Task to carry out: If pictures appear in the lines below, skip them and copy exactly the lines from the one containing "Gafas de sol" through the one containing "パッケージに中身が分かるイラ", and nothing else.

Extracted records:
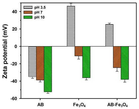 We measured the surface charge of AB, Fe3O4, and AB-Fe3O4 at pH 3.5, 7, and 10, as shown in Figure 4. The isoelectric points of AB and AB-Fe3O4 were lower and higher than pH 3.5, respectively, meaning that AB-Fe3O4 had a much higher positive surface charge than AB due to the positive surface charge of Fe3O4 at pH 3.5. Thus, we concluded that AB-Fe3O4 was able to achieve better adsorption capacity than AB if adsorbates were at a negative surface charge and a weak acid condition. Increased isoelectric point after composition with Fe3O4 was consistent with other studies, because the pH of zero point charge of Fe3O4 was close to pH 5~6 [39].
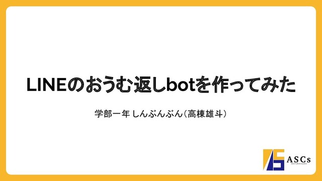 - 学生エンジニアコミュニティ「すごくなりたいがくせいぐるーぷ( SGG)」運営 - 会津大学プロダクト開発コミュニティ「 ASCs」代表 - FEもBEもインフラ(クラウドからオンプレまで)もだいたい全部やるけど、主に BE をやってます(器用貧乏) - 最近はずっとGo書いてるけどそろそろRustやりたい - 興味分野は認証/アイデンティティ管理 - 好きな仕様書はDecentralized Identifiers (DIDs) v1.0(W3C) - 最近の悩み: オフラインのインターンに行きたい(夏に行った Yahooはオンライン だった) 自己紹介 LINEのおうむ返し botを作ってみた https://shinbunbun.info @shinbunbun_
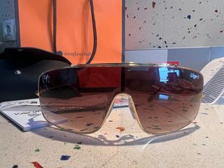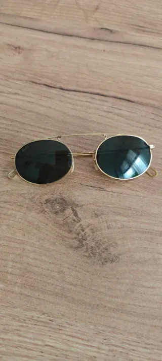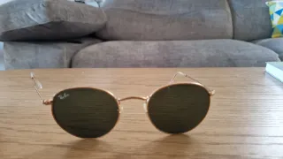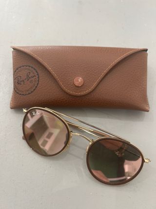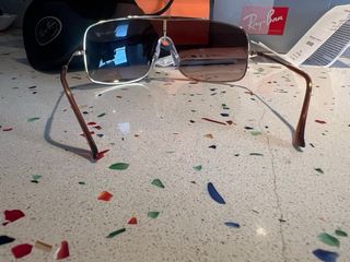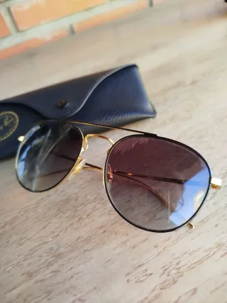 Gafas de sol con montura marrón y detalles dorados. - Estilo clásico. - Lentes con degradado. Algunos micro arañazos pero se pueden utilizar. Las ray ban creo que no son verdaderas .
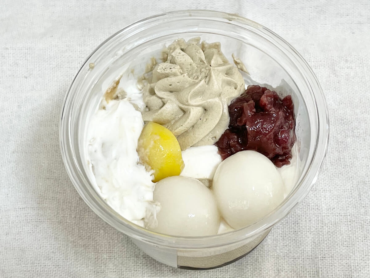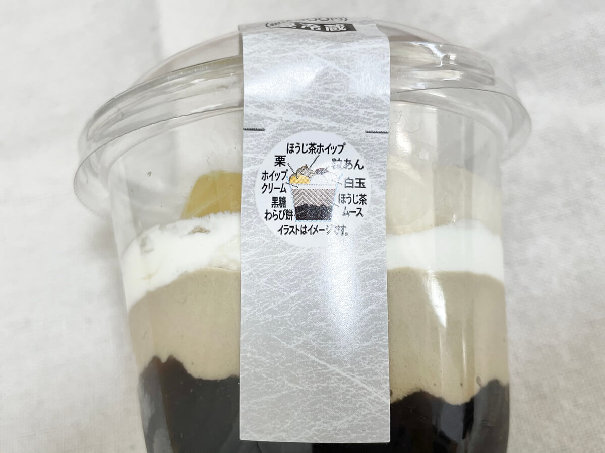 パッケージに中身が分かるイラストがありました。 黒糖わらび餅、ほうじ茶ムース、ホイップクリームと順に重なっていて、粒あん、白玉、栗、ほうじ茶ホイップがトッピングされています。
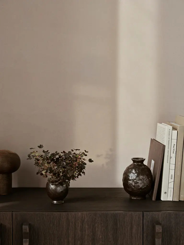The Doro Collection features a series of ceramic pieces that are distinguished by unique rounded shapes and a textured surface, each embodying rustic elegance in a harmonious ensemble of distinct personalities. The Doro Vase makes a statement whether displayed on its own or adorned with flowers, seamlessly blending functionality with artistic elegance.
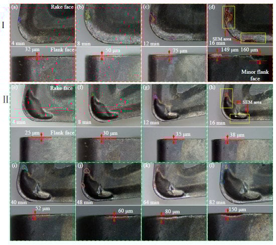 Figure 5 shows images of the change in the wear topography of the rake and flank faces of Tools A and B. It can be seen from Figure 5 that the wear of the main cutting edge and the auxiliary cutting edge near the rake face of Tool A increased rapidly with the cutting time. The material near the main cutting edge peeled off from 12 to 16 min, forming obvious crater wear. Crater wear started from 4 min near the auxiliary cutting edge. Due to the high-speed chip flow through the surface near the auxiliary cutting edge, serious friction occurred, and the material on the tool surface was taken away quickly, forming serious crater wear. The crater wear proportion was largest when cutting at 16 min. From 4 to 16 min, the wear width of flank face of Tool A increased rapidly from 32 to 149 μm. When the cutting time reached 16 min, the wear width near the auxiliary flank reached 160 μm due to serious crack wear near the auxiliary cutting edge. However, Tool B cut for a total of 82 min, and its service life was 5 times higher than that of Tool A. As can be seen from Figure 5, from 4 to 48 min, the rake face wear near the main and auxiliary cutting edges of the rake face of Tool B shows little change. When the cutting time reached 64 min, the rake face pit wear increased rapidly, and when the cutting time reached 82 min, the pit wear reached the maximum. The wear width of Tool B flank increases slowly from 4 to 82 min, and the wear width increases from 25 to 150 μm.
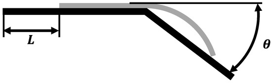In accordance with the ISO 9073-7 standard [28], a cantilever beam setup was employed to characterize the bending stiffness of unidirectional prepregs in both the fiber direction and the fiber’s normal direction. Figure 3 illustrates the schematic diagram of the testing principle for bending properties. During testing, the specimen moves uniformly to the right and deflects under its own weight. When the deflection angle reaches 41.5°, the movement distance is recorded, and the bending stiffness is calculated. The testing temperatures were set at 40 °C and 75 °C.
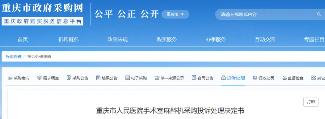 如去年12月,重庆市人民医院手术室麻醉机采购项目被投诉。
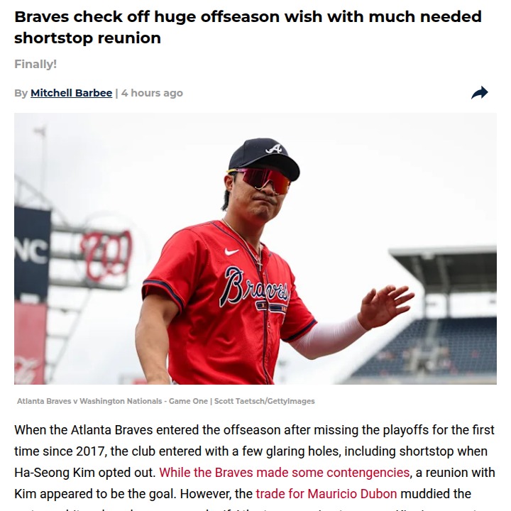 Kimberly Moore+FollowBraves reunite with Ha-Seong Kim for 2026Ha-Seong Kim is back in Atlanta! After a rollercoaster offseason and some uncertainty following the Dubon trade, the Braves have locked in their shortstop for 2026 with a one-year, $20 million deal. Kim’s return means Atlanta gets a solid defender and a motivated bat, all without a long-term commitment—smart move with CBA talks ahead. Fans, what do you think: Is this the piece the Braves needed to bounce back, or do you still see gaps in the roster? Let’s talk about how this shapes the team’s future! #Sports #Baseball #Braves20Share
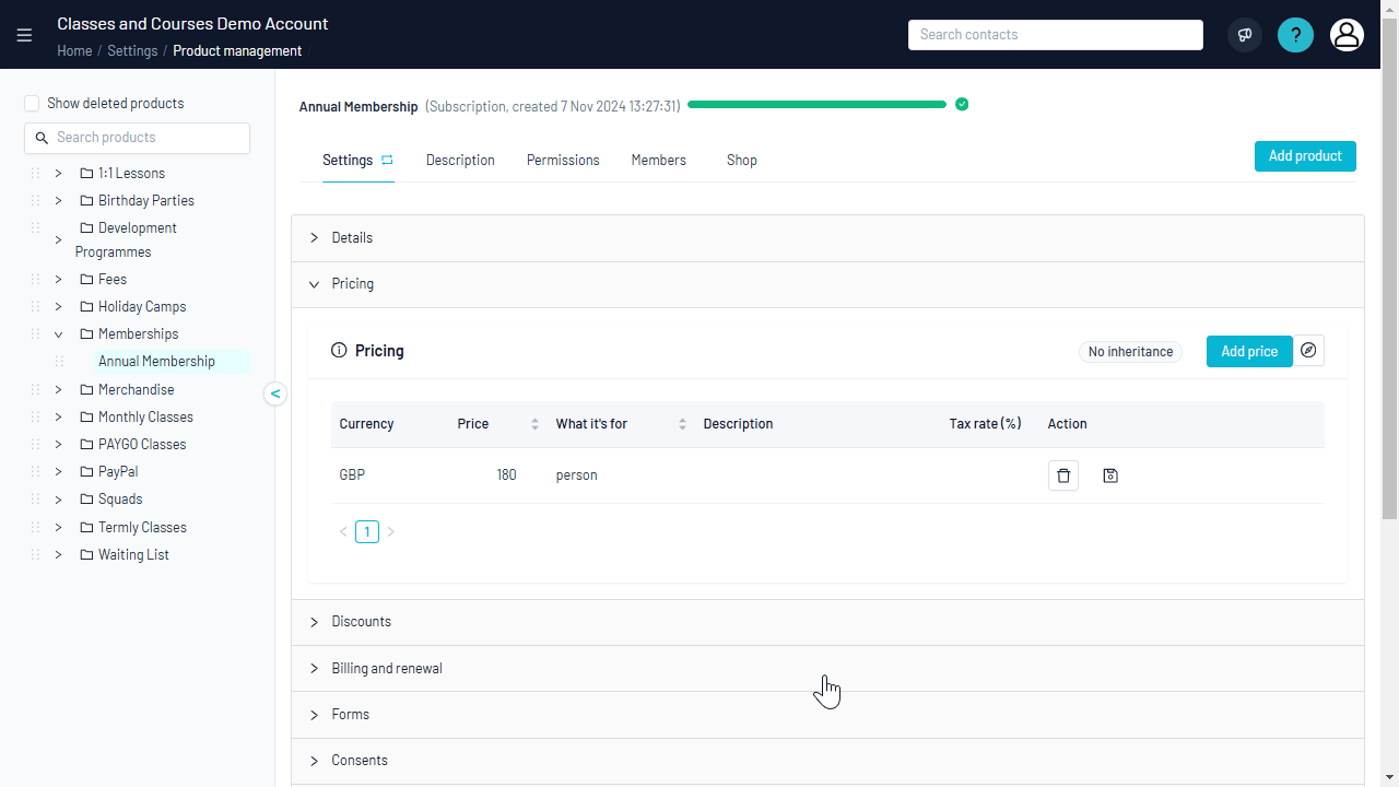 In the demonstration below, you can see that there has been a price of £180 set at the product level - if this price is deleted, the product automatically 'inherits' the price that was set at the top product group level (£200):

Written response:
 Gafas de sol con montura marrón y detalles dorados. - Estilo clásico. - Lentes con degradado. Algunos micro arañazos pero se pueden utilizar. Las ray ban creo que no son verdaderas .
 パッケージに中身が分かるイラストがありました。 黒糖わらび餅、ほうじ茶ムース、ホイップクリームと順に重なっていて、粒あん、白玉、栗、ほうじ茶ホイップがトッピングされています。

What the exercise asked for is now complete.